━━━ EXERCISE INPUTS
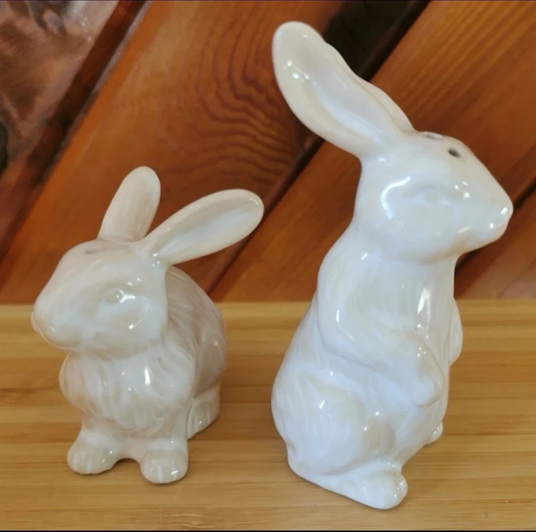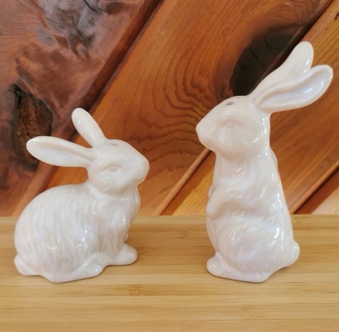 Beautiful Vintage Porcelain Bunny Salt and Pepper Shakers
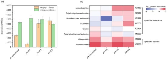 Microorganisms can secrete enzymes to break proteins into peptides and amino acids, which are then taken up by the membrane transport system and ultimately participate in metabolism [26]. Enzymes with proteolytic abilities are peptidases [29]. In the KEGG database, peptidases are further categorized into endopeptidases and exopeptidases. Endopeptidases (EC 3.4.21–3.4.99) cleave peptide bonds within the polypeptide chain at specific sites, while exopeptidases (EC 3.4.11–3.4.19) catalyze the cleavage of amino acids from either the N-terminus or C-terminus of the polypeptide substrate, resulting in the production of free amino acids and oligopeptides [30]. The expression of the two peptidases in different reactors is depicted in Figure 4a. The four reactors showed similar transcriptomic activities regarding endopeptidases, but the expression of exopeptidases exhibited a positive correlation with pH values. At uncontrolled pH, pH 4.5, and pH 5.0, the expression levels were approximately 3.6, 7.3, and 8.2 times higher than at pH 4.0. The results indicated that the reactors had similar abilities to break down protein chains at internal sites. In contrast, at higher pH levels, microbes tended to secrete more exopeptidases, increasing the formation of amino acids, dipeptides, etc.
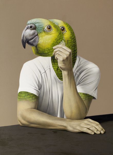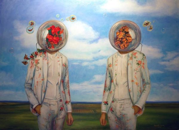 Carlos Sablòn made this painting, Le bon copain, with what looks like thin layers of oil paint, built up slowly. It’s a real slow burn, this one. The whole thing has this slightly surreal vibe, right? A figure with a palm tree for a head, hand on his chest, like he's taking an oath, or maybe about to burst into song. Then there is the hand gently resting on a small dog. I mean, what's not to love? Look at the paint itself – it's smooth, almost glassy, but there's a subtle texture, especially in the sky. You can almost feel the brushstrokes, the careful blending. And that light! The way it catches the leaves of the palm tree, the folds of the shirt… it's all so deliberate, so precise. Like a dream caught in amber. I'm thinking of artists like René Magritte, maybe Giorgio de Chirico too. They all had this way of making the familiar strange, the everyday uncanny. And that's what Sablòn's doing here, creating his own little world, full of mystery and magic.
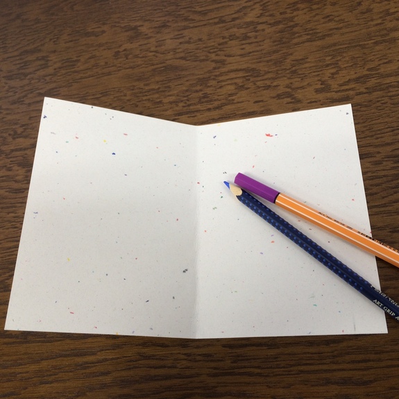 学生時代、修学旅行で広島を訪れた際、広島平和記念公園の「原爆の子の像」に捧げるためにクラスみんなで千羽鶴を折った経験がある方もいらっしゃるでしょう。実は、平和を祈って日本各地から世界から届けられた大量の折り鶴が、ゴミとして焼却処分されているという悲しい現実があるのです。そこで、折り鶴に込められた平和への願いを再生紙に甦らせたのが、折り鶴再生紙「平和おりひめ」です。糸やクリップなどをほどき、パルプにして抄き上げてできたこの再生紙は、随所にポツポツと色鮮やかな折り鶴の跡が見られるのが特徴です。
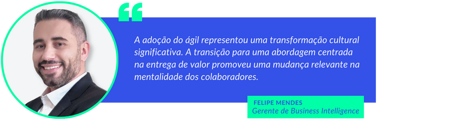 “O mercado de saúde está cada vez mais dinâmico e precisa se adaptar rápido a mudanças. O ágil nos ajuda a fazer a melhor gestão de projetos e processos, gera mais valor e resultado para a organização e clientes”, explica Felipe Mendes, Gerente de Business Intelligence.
━━━━━━
━━━ EXERCISE INPUTS
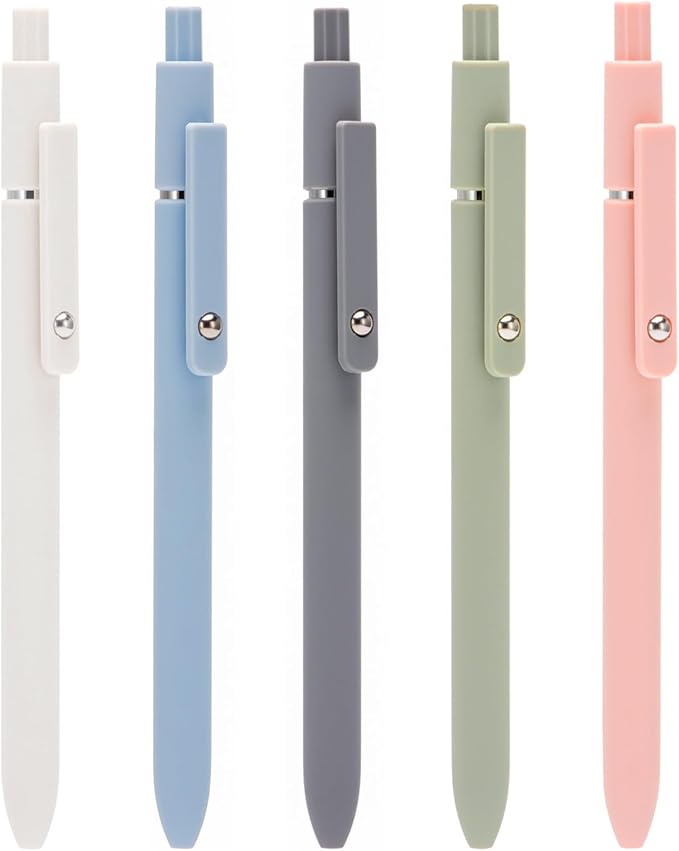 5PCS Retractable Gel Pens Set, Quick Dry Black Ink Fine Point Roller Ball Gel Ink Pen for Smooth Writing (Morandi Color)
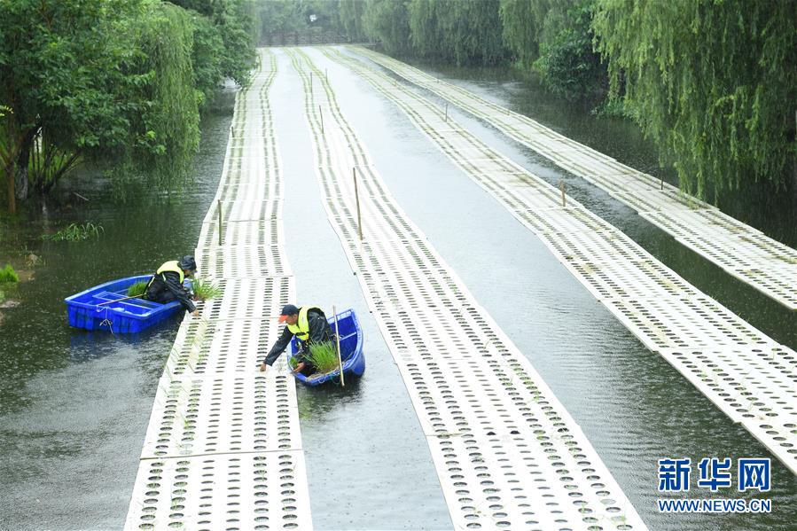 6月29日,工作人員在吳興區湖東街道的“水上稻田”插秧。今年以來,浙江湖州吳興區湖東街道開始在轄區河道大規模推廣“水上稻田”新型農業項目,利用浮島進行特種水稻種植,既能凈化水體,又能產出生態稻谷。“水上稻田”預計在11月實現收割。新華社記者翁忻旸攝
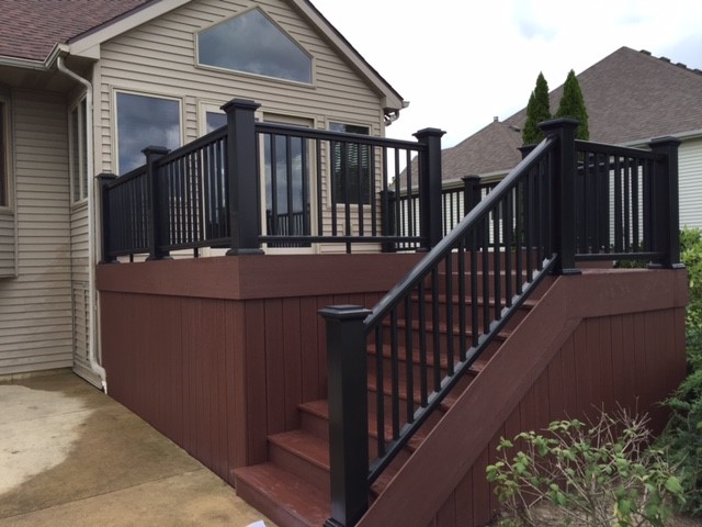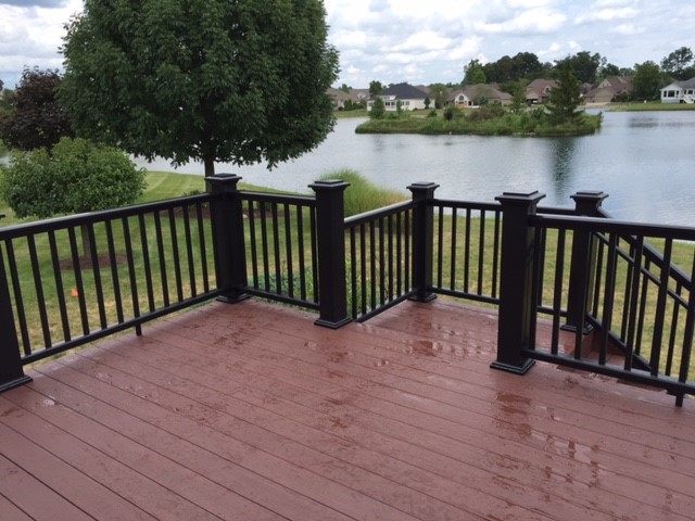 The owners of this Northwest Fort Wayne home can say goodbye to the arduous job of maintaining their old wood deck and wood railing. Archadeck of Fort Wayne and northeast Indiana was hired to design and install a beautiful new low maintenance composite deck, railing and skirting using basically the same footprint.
━━━━━━
◆ WORK INSTRUCTIONS
Keep to the stretch from the line containing "学生時代、修学旅行で広島を訪" through the line containing "de Business Intelligence.", both ends included, and copy it exactly from the listing above, minus the pictures.

◆ EXERCISE RESPONSE
 学生時代、修学旅行で広島を訪れた際、広島平和記念公園の「原爆の子の像」に捧げるためにクラスみんなで千羽鶴を折った経験がある方もいらっしゃるでしょう。実は、平和を祈って日本各地から世界から届けられた大量の折り鶴が、ゴミとして焼却処分されているという悲しい現実があるのです。そこで、折り鶴に込められた平和への願いを再生紙に甦らせたのが、折り鶴再生紙「平和おりひめ」です。糸やクリップなどをほどき、パルプにして抄き上げてできたこの再生紙は、随所にポツポツと色鮮やかな折り鶴の跡が見られるのが特徴です。
 “O mercado de saúde está cada vez mais dinâmico e precisa se adaptar rápido a mudanças. O ágil nos ajuda a fazer a melhor gestão de projetos e processos, gera mais valor e resultado para a organização e clientes”, explica Felipe Mendes, Gerente de Business Intelligence.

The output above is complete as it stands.